A fighter from the Kurdish People's Protection Units (YPG) drives a tank in the Al-Zohur nieighborhood in the Syrian city of Hasakeh.

Syrian Arab, Kurdish, and Christian fighters appeared to have seized a strategic dam in northern Syria, as the air-strike death of another rebel commander near Damascus injected new uncertainty into peace talks set for next month.

Colonel Talal Selo, a spokesman for the coalition known as Democratic Syria, said its fighters has captured the Tishrin Dam, on the Euphrates River, from Islamic State militants on December 26.

The Syrian Observatory for Human Rights, a British-based monitoring group, also said the coalition was engaged in fierce battles against Islamic State fighters after taking the dam.

The move was part of its offensive aimed at cutting supply lines between Islamic State strongholds in northern Syria, which gets much of its electricity from the dam.

The coalition, which is backed by the United States, is aiming to uproot Islamic State fighters from their stronghold in Raqqa, about 22 kilometers down river.

Another coalition spokesman said earlier this week that the forces were also trying to cut the supply lines between Raqqa and another town, Manbij, northwest of the dam.

Meanwhile, the UN special envoy called for a January 25 start date for talks among Syria's warring parties to end nearly five years of civil war.

A spokesman for Staffan de Mistura said the special envoy wants "the broadest possible spectrum of the Syrian opposition and others" at the talks in Geneva.

“Continuing developments on the ground should not be allowed to derail” the talks, the statement said.

The statement appeared timed to the death of a top Syrian rebel commander, Zahran Allush, who was killed in air strikes that targeted the group's headquarters on December 25.

A number of other senior commanders of his Army of Islam group were also killed.

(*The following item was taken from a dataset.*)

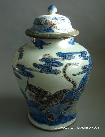 釉里三彩龙虎斗将军罐 清康熙 北京艺术博物馆藏 此罐因附珠宝顶盖形似将军盔帽而得名。整体造型浑圆高大。通体以青花、釉里红、豆青三色绘画龙虎纹,图案生动传神。 |

The Army of Islam is one of the most powerful groups battling Syrian President Bashar al-Assad's forces

Syrian military forces claimed responsibility for the strikе, although many opposition groups blamed Russia, which has been bombing Islamic State targets and other insurgent groups since late September.

Allush’s assassination dealt a significant setback to the opposition and could reshuffle the lineup of key players on the ground ahead of the planned Geneva talks.

The assassination "makes a mockery of all talk of a political settlement" and undermines the "negotiations before they begin,” Anas al-Abdeh, a senior member of the main Western-backed opposition group, the Syrian National Coalition, told the AP.

The talks scheduled for Geneva were authorized by a UN Security Council resolution, unanimously approved on December 18, that endorsed a road map for a Syrian peace process. It was a rare show of unity among major powers.

More than 250,000 people have been killed in the war that grew out of a Syrian government crackdown on a pro-democracy movement in early 2011.

Islamic State militants have used the chaos to seize territory in Syria and Iraq, and some 4.3 million Syrians have fled.

"The people of Syria have suffered enough," the UN statement said.